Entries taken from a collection
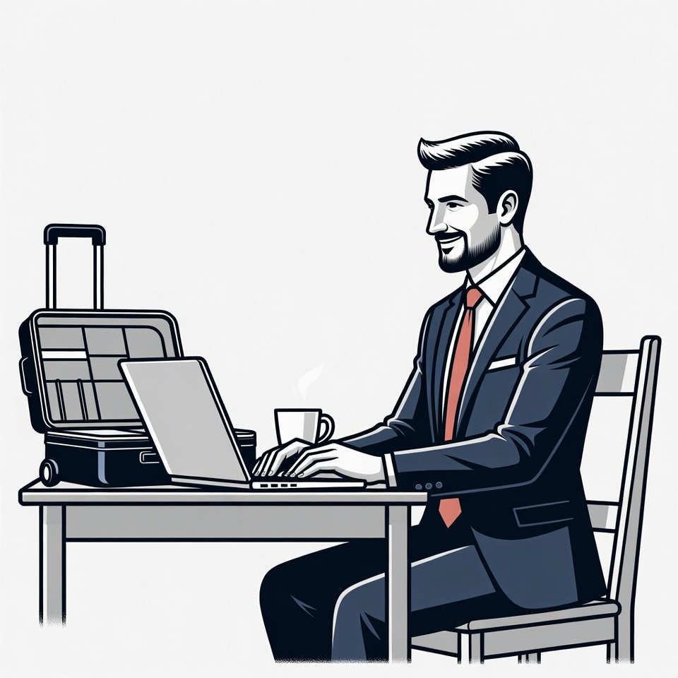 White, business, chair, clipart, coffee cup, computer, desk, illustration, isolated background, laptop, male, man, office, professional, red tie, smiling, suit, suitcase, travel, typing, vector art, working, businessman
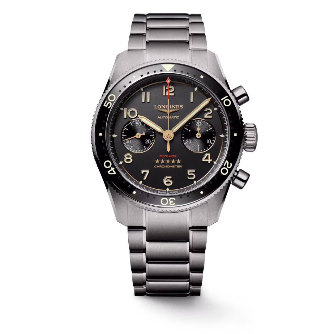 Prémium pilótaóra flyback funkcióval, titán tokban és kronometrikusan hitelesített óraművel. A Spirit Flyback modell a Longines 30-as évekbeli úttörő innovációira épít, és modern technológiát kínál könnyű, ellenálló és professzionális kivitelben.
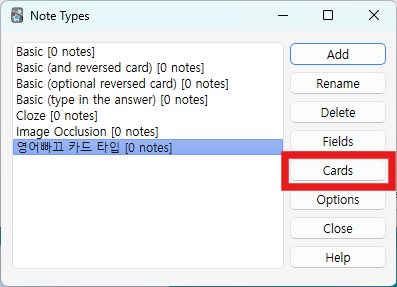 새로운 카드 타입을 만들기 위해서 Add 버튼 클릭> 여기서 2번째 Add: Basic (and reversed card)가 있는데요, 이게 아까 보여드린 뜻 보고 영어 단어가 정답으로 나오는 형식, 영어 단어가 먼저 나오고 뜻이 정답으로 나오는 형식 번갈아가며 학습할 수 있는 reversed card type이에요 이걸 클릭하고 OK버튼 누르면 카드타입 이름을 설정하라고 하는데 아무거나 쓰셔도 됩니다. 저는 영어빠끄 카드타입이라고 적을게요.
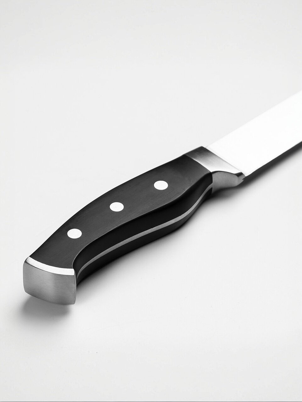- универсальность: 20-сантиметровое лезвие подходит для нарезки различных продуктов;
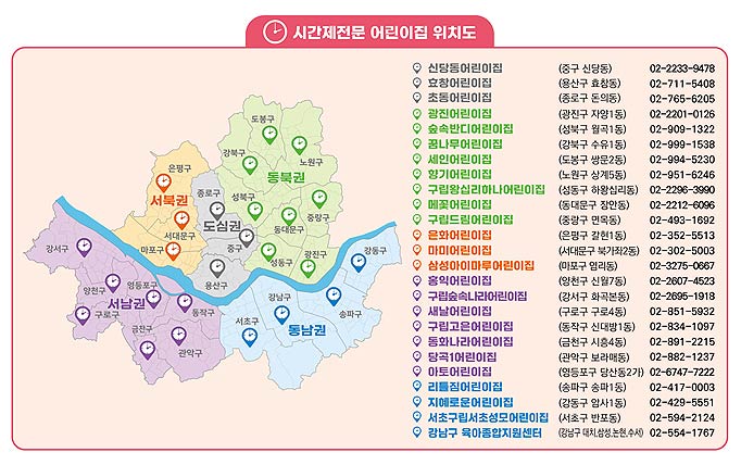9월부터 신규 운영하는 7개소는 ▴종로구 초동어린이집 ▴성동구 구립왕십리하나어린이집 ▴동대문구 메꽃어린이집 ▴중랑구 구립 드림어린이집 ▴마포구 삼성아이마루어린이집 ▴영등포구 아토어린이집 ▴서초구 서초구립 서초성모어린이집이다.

• **What the exercise asks**: Reprint every record exactly and skip the pictures.

• **Expected answer**:
 White, business, chair, clipart, coffee cup, computer, desk, illustration, isolated background, laptop, male, man, office, professional, red tie, smiling, suit, suitcase, travel, typing, vector art, working, businessman
 Prémium pilótaóra flyback funkcióval, titán tokban és kronometrikusan hitelesített óraművel. A Spirit Flyback modell a Longines 30-as évekbeli úttörő innovációira épít, és modern technológiát kínál könnyű, ellenálló és professzionális kivitelben.
 새로운 카드 타입을 만들기 위해서 Add 버튼 클릭> 여기서 2번째 Add: Basic (and reversed card)가 있는데요, 이게 아까 보여드린 뜻 보고 영어 단어가 정답으로 나오는 형식, 영어 단어가 먼저 나오고 뜻이 정답으로 나오는 형식 번갈아가며 학습할 수 있는 reversed card type이에요 이걸 클릭하고 OK버튼 누르면 카드타입 이름을 설정하라고 하는데 아무거나 쓰셔도 됩니다. 저는 영어빠끄 카드타입이라고 적을게요.
- универсальность: 20-сантиметровое лезвие подходит для нарезки различных продуктов;
9월부터 신규 운영하는 7개소는 ▴종로구 초동어린이집 ▴성동구 구립왕십리하나어린이집 ▴동대문구 메꽃어린이집 ▴중랑구 구립 드림어린이집 ▴마포구 삼성아이마루어린이집 ▴영등포구 아토어린이집 ▴서초구 서초구립 서초성모어린이집이다.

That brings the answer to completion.